====== Source material ======
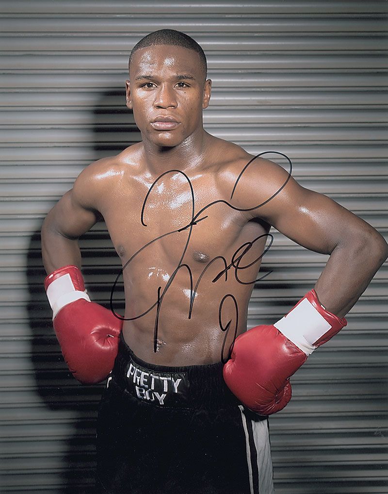 Color satin-finish 11 x 14 photo of Mayweather in his trunks and gloves, signed in black felt tip. In very fine condition.
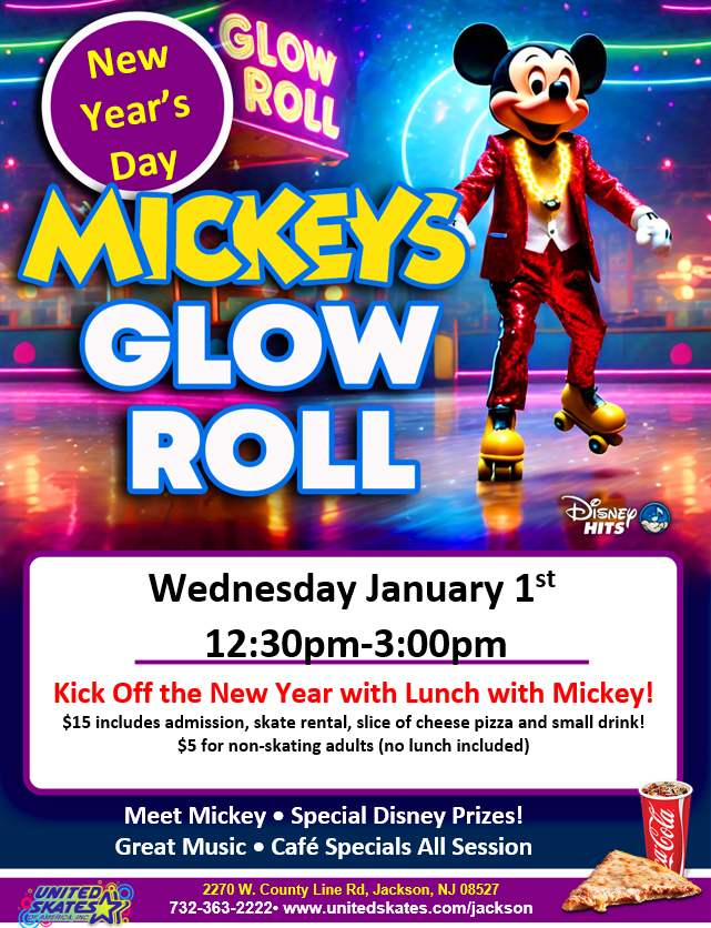 Lunch with Mickey is the Only Way to Kick Off 2025! Meet Micky, Special Disney Prizes, Great Music and Cafe Specials $15 Admission, Includes Skate Rental, Slice of Cheese Pizza & Small Drink $5 Spectator Fee (Food Not Included)
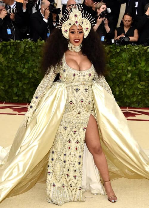 Pregnant with her first baby, the “Bodak Yellow” rapper smashed the Met Gala fashion event with her Catholic-inspired outfit. The striking gown had a slit that showed off her legs and feet.
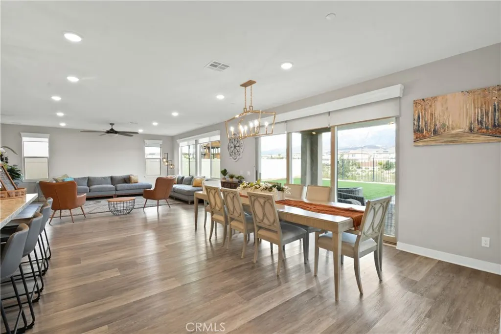 This beautiful single-family home offers the perfect blend of comfort, style, and convenience. This is the largest floor plan home called Horizon at Atwell Community. Featuring spacious rooms, modern amenities and a welcoming atmosphere. Flooring with luxury vinyl throughout main floors, hallways & stairways with upgraded handrails and light fixtures. Living space-open-concept living and dining areas with plenty of natural light, and recessed lights, then to Formal Dining area, special folding sliding doors when you party you can entertain open it with extended to outside covered patio. Remote control shades at sliding doors. Next to it modern Kitchen, with large center island with quartz finished countertop, equipped with stainless steel appliances. Then the White Kitchen Cabinets with light fixtures inside the upper portion. Walk in Pantry plenty of room. Then next to it bathroom and one bedroom for guest. Walk upstairs where you will find the spacious primary bedroom, separate bathrooms, walk in closet for all your collection. Then to Loft Area/Family Room, another place for TV Theater or just listening to your favorite music. Landscaped backyard with a patio, perfect for entertaining or relaxing with low maintenance artificial turf, with paver stones on the sides with wrought iron fence directly behind the house with unobstructed views of the mountain, community lake, walking trials. Another covered patio on the side. You are few steps to the community pool with spa, BBQ area and parks. Hiking trails and biking trails. There's Solar Panels on the house which is package
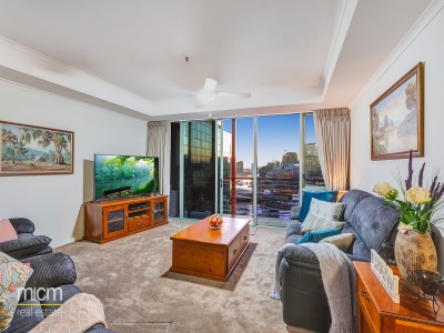 Accommodation: Youll be truly dazzled by the magnificent space and breathtaking vistas of this 19th floor residence. Enjoy new years eve fireworks and 24/7 views from the immense north-west facing balcony, expansive central lounge and dining, large kitchen with quality appliances including a dishwasher, both bedrooms that share the excellent views including the master bedroom which promises a walk-in robe and ensuite, and a central bathroom with a concealed laundry.
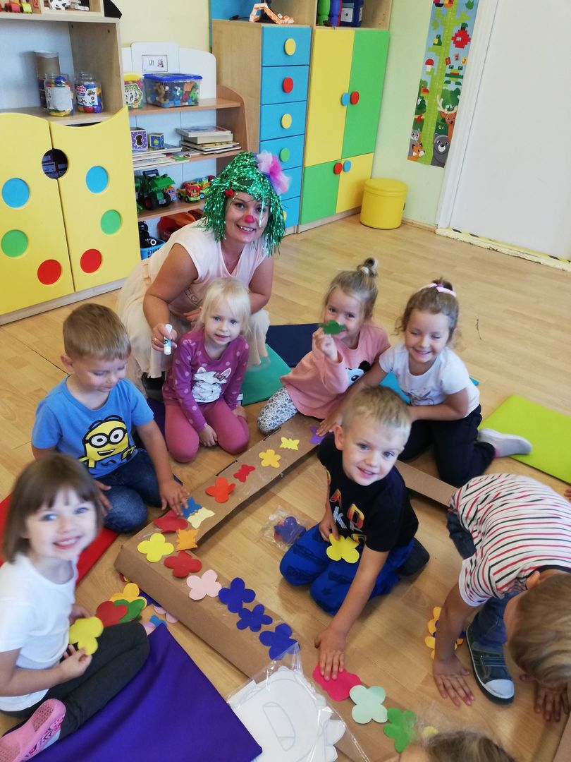 Tego dnia, Sówki otrzymały tajemniczy list z balonami od Clowna, który był bardzo zasmucony, iż ze względu na katar nie może odwiedzić przedszkolaków. Jednakże, pomysłowy Clown przygotował wiele niespodzianek m.in. ukryte zadania w balonach, fotobudka, poszukiwanie jajek ze słodkościami, mega bańki mydlane, drobne prezenciki oraz film dedykowany Sówką z Przedszkola w Łebieniu. Dzieci wykazały się zręcznością w poszukiwaniu jajeczek oraz umiejętnością klasyfikowania wg. cyfry oraz świetnie współpracowały w stworzeniu fotobudki. Nie zabrakło tańców i zabaw ruchowych. Wszystkich przedszkolakom, życzymy beztroskiego dzieciństwa wypełnionego wartościową zabawą.
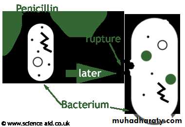 All resulting in exposure of the osmotically less stable membrane and cell lysis occur so it Bactericidal and only effective against rapidly growing organism that synthesis peptidoglycan cell wall .
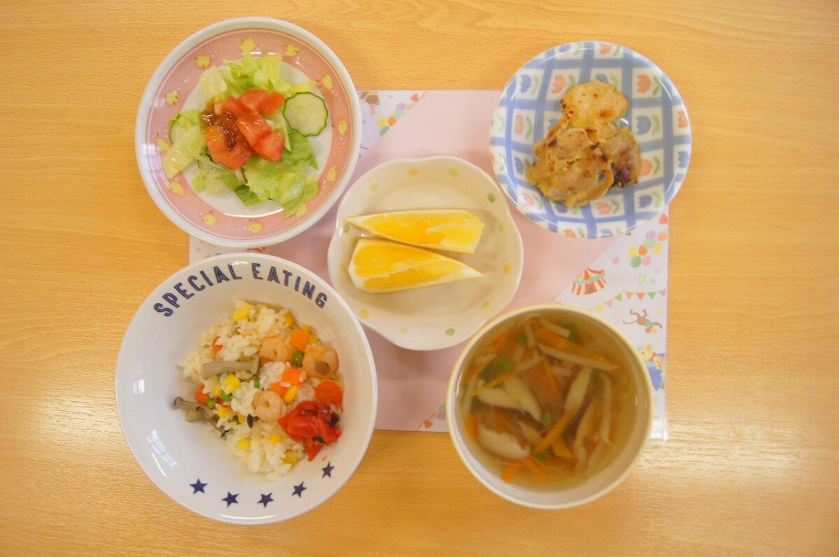 5月30日今日はぷりぷりの海老がおいしい、エビピラフでした。
======
Nothing outside the stretch above, from the line with "Lunch with Mickey" through the line with "This beautiful single-family", is set down. Transcribe that stretch exactly, ends included, but not its pictures.

 Lunch with Mickey is the Only Way to Kick Off 2025! Meet Micky, Special Disney Prizes, Great Music and Cafe Specials $15 Admission, Includes Skate Rental, Slice of Cheese Pizza & Small Drink $5 Spectator Fee (Food Not Included)
 Pregnant with her first baby, the “Bodak Yellow” rapper smashed the Met Gala fashion event with her Catholic-inspired outfit. The striking gown had a slit that showed off her legs and feet.
 This beautiful single-family home offers the perfect blend of comfort, style, and convenience. This is the largest floor plan home called Horizon at Atwell Community. Featuring spacious rooms, modern amenities and a welcoming atmosphere. Flooring with luxury vinyl throughout main floors, hallways & stairways with upgraded handrails and light fixtures. Living space-open-concept living and dining areas with plenty of natural light, and recessed lights, then to Formal Dining area, special folding sliding doors when you party you can entertain open it with extended to outside covered patio. Remote control shades at sliding doors. Next to it modern Kitchen, with large center island with quartz finished countertop, equipped with stainless steel appliances. Then the White Kitchen Cabinets with light fixtures inside the upper portion. Walk in Pantry plenty of room. Then next to it bathroom and one bedroom for guest. Walk upstairs where you will find the spacious primary bedroom, separate bathrooms, walk in closet for all your collection. Then to Loft Area/Family Room, another place for TV Theater or just listening to your favorite music. Landscaped backyard with a patio, perfect for entertaining or relaxing with low maintenance artificial turf, with paver stones on the sides with wrought iron fence directly behind the house with unobstructed views of the mountain, community lake, walking trials. Another covered patio on the side. You are few steps to the community pool with spa, BBQ area and parks. Hiking trails and biking trails. There's Solar Panels on the house which is package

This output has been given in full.